## What needs to be done
In the records that follow, find the line containing "in 大阪(9/23)】 開催!!" and the line containing "Der ungarische Botschafter", then transcribe both and every line between them exactly, omitting pictures.

## Data to examine

+ + + + + + +

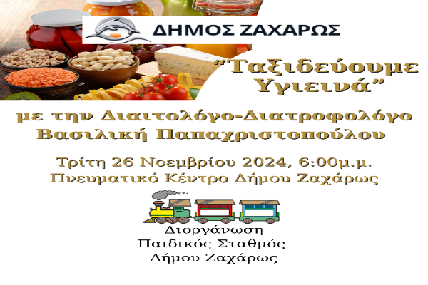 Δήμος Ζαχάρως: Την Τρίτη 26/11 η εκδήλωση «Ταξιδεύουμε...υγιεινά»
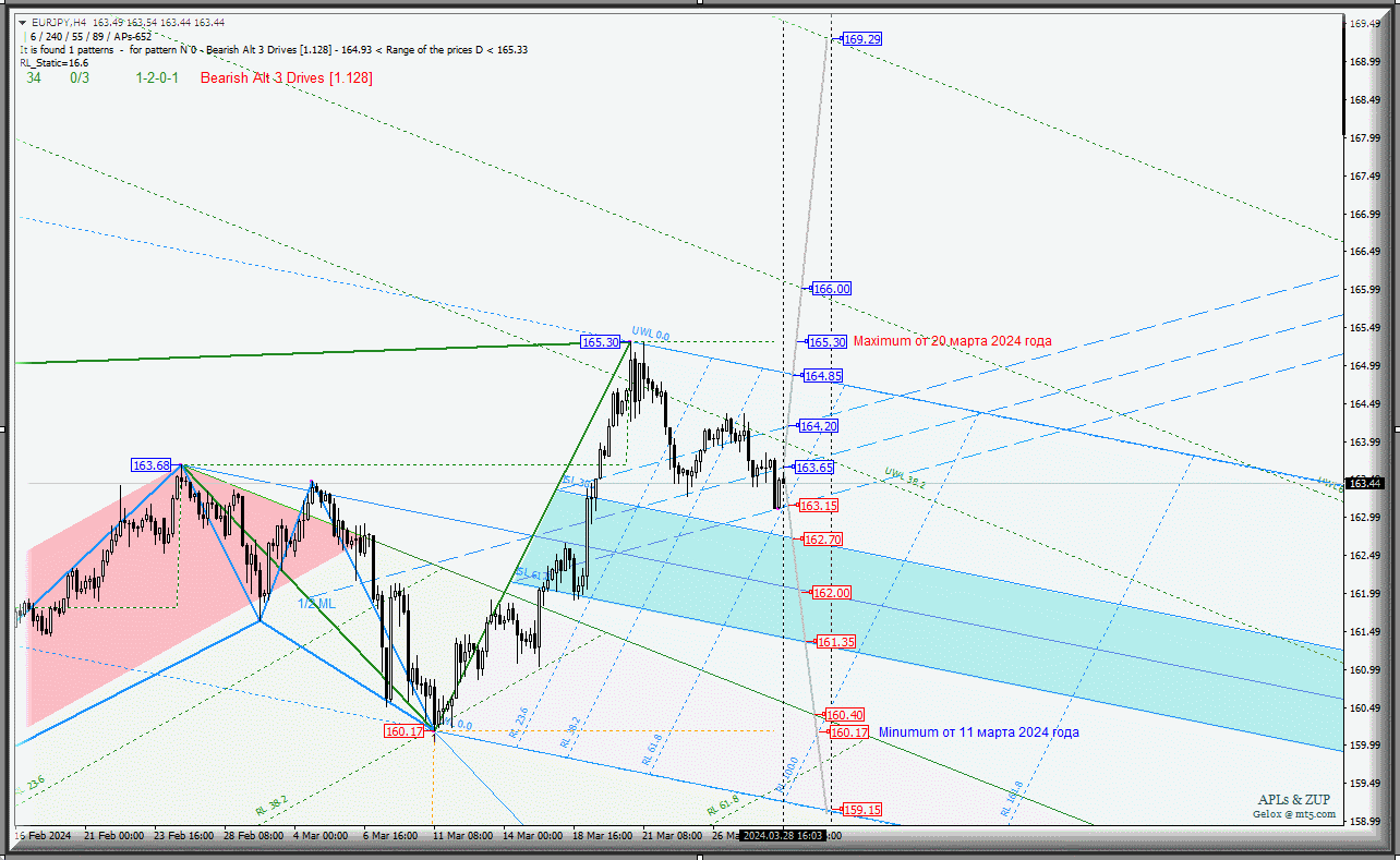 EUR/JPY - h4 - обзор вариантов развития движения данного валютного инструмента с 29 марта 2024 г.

+ + + + + + +

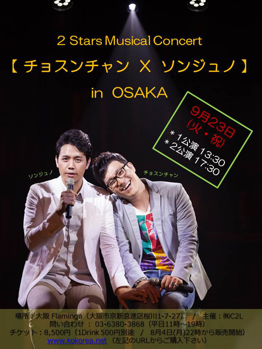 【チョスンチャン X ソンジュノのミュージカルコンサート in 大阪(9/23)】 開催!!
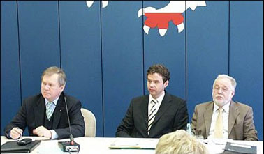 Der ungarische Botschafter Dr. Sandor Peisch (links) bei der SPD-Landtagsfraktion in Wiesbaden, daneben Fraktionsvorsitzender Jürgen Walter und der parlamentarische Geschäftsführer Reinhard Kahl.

+ + + + + + +

## Solution to the exercise
 【チョスンチャン X ソンジュノのミュージカルコンサート in 大阪(9/23)】 開催!!
 Der ungarische Botschafter Dr. Sandor Peisch (links) bei der SPD-Landtagsfraktion in Wiesbaden, daneben Fraktionsvorsitzender Jürgen Walter und der parlamentarische Geschäftsführer Reinhard Kahl.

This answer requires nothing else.